This Article is From Oct 30, 2013

Nitish Kumar welcomes leader from Red Fort area into party, takes another dig at Narendra Modi

Nitish Kumar welcomes leader from Red Fort area into party, takes another dig at Narendra Modi

Bihar Chief Minister Nitish Kumar with Samajwadi Party chief Mulayam Singh at an anti-communalism rally in Delhi. (PTI)

New Delhi: Nitish Kumar, who launched a fierce attack on political rival Narendra Modi in Bihar yesterday, continued making digs at the BJP leader as he landed in Delhi this morning.

Welcoming new members to his party, the Janata Dal United, the Bihar Chief Minister observed, "The councillor from the Red Fort area in Delhi is now ours. Many others dream of unfurling the flag at the Red Fort, but our flag flies high there already."

He also said, "They may or may not realise their Red Fort dream, but their rallies definitely have a Red Fort on stage."

He was alluding to a Modi rally in election-bound Chhattisgarh last month, where a fond BJP built a model of Delhi's Red Fort on the stage for its presumptive prime minster.

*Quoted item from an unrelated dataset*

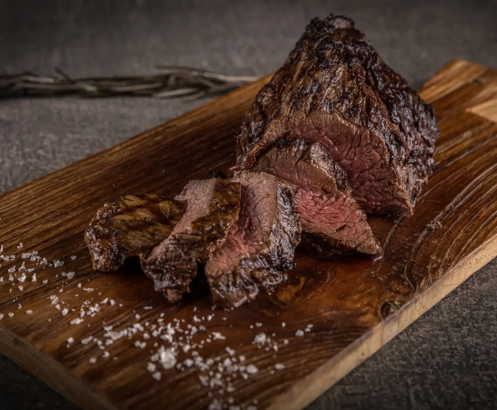 Um einen gleichmäßigen Garpunkt zu erzielen, schneiden Sie die schmalere Spitze und den stärkeren Kopf des Filets ab – das abgeschnittene Fleisch eignet sich hervorragend für Steaks oder Geschnetzeltes. Das Mittelstück im Ganzen scharf anbraten und als Filet Wellington mit Pilzfarce in Blätterteig wickeln. Im Backofen bei mittlerer Hitze bis zu 55-57 °C Kerntemperatur garen.
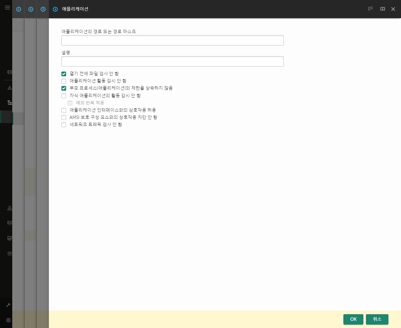 이렇게 해도 실행 파일과 신뢰하는 애플리케이션 프로세스에 대해서는 계속 바이러스와 기타 악성 코드 검사가 수행됩니다. 검사 예외를 사용하여 애플리케이션을 Kaspersky Endpoint Security 검사에서 완전히 예외시킬 수 있습니다.

The BJP hopes that it will be Mr Modi who will unfurl the flag at the Red Fort next year as the country's Prime Minister. At a party convention in Bihar yesterday, Nitish Kumar predicted, "Your Red Fort dream will remain a dream." 

Greeting several leaders who have left the Lok Janshakti Party to join the JD(U), Mr Kumar observed that only his party's alliance with the BJP had prevented them from doing so before this. "Now that wrongs have been corrected, they are back," he said.

The BJP has retaliated saying Mr Kumar's sustained diatribe against Mr Modi makes him sound like a man on the verge of losing an election.

Mr Kumar dumped the BJP in June this year, breaking a 17-year alliance as it became clear, he said, that the party would name Mr Modi as its candidate for prime minster in 2014. Which the BJP did three months later.

Ever since, there has been much speculation on which way the JD(U) will choose to align in next year's general elections.

Mr Kumar attended a convention against communalism organised by the Left in Delhi today along with leaders from 13 other parties. He denied that there a move to re-group a non-Congress, non-BJP Third Front, but said parties must be united in the fight against "communalism and terrorism."